- Born: Mohannad al-Masri 1981 (age 44–45) Qalaat al-Madiq, Hama, Syria
- Military career
- Allegiance: Ahrar al-Sham
- Service years: 2011–2025
- Conflicts: Syrian Civil War

= Abu Yahia al-Hamawi =

Third leader of Ahrar al-Sham

Mohannad al-Masri (مهند المصري; born 1981), known by the alias Abu Yahia al-Hamawi, (أبو يحيى الحموي; sometimes transliterated Abu Yahya al-Hamawi or Abu Yehya al-Hamawi) was the third leader of the Ahrar al-Sham during the Syrian Civil War. He served from 12 September 2015 until his term ended in November 2016.

==Biography==

Al-Hamawi came from Qalaat al-Madiq, Hama, Syria. He trained as a civil engineer and studied at Tishreen University in Latakia. He was with Hadi al-Abdullah who was a journalist during the civil war.
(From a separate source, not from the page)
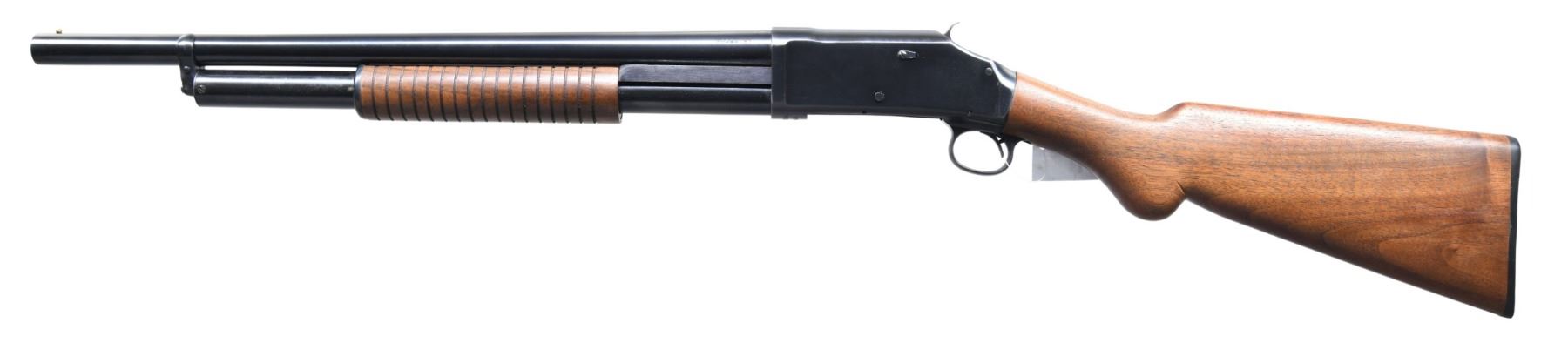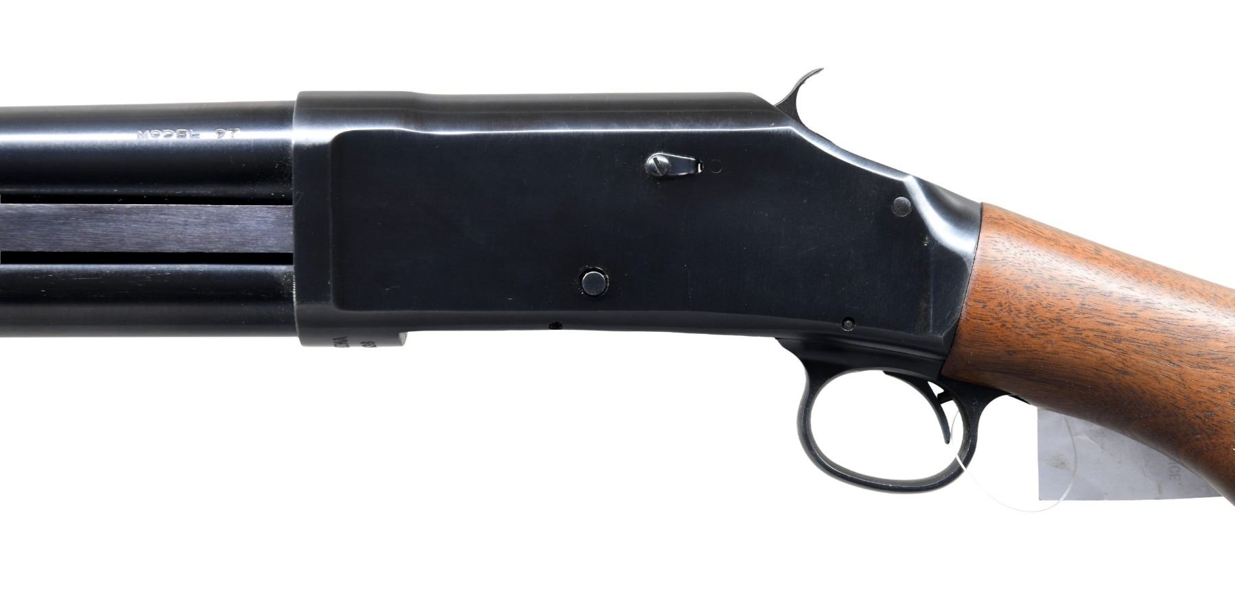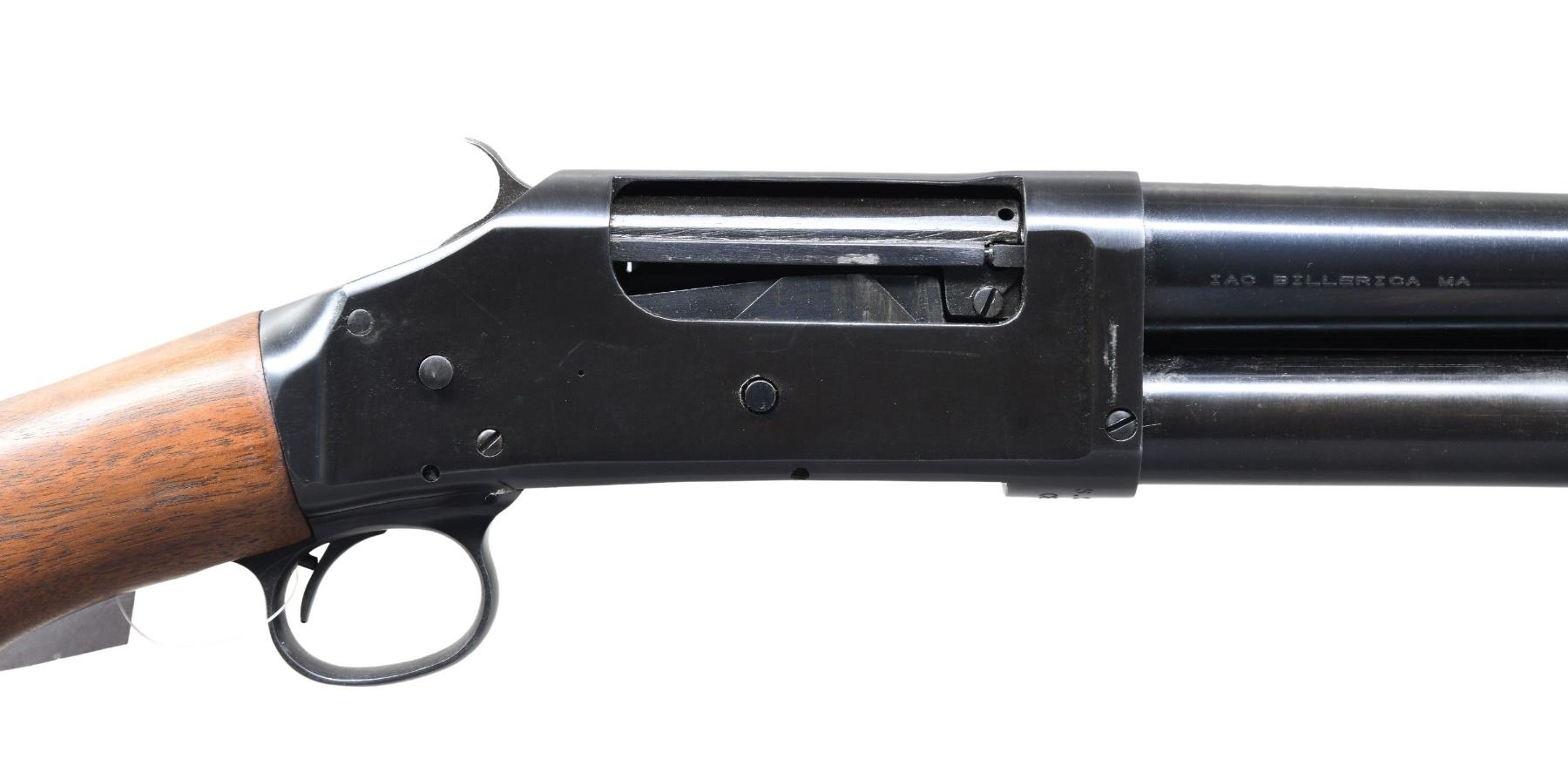Cal. 12 Ga. 2 3/4". S# CB01628. Bbl. 20 1/2". Brass bead front sight. Chinese made clone of a Winchester 97 riot gun. Right side of bbl. has IAC import marking., Blued finish. Walnut stock with grooved forend. UNATTACHED ACCESSORIES: matching numbered importer box with sleeve that shows a few tears & manual. CONDITION: all aspects near excellent with some operational wear on tube & a couple light handling marks. Near excellent bright bore. (25-3408/MJC). MODERN. $250-350.

He was an activist and an inmate of the "Islamist wing" of the Syrian government’s main political prison in Sednaya from 2007 to 2011. An article in the Toronto Star described him as a "political prisoner". He was released in 2011, when the Syrian uprising began.

He later became leader of the Osama bin Zeid Company, a militia based around his hometown of Qalaat al-Madiq, and then rose through the ranks to become leader of Ahrar al-Sham in September 2015. According to Al-Monitor, the change is leadership is said to have made Ahrar Al-Sham "more palatable to the West" since al-Hamawi "is seen as someone who will fit the 'moderate Salafist' image Ahrar al-Sham wants to have". According to The Daily Beast, al-Hamawi claimed that "Ahrar al-Sham was mainstream and aligned with Western interests." In December 2015, al-Hamawi sent Labib al-Nahhas to Riyadh, Saudi Arabia in order to participate in the Saudi-led rebel conference that produced the High Negotiations Committee (HNC). Al-Hamawi has also falsely claimed that Al-Nusra had withdrawn from the Army of Conquest.

His term as leader could have been extended, but the Shura Council of Ahrar al-Sham appointed Ali al-Omar as leader in November 2016.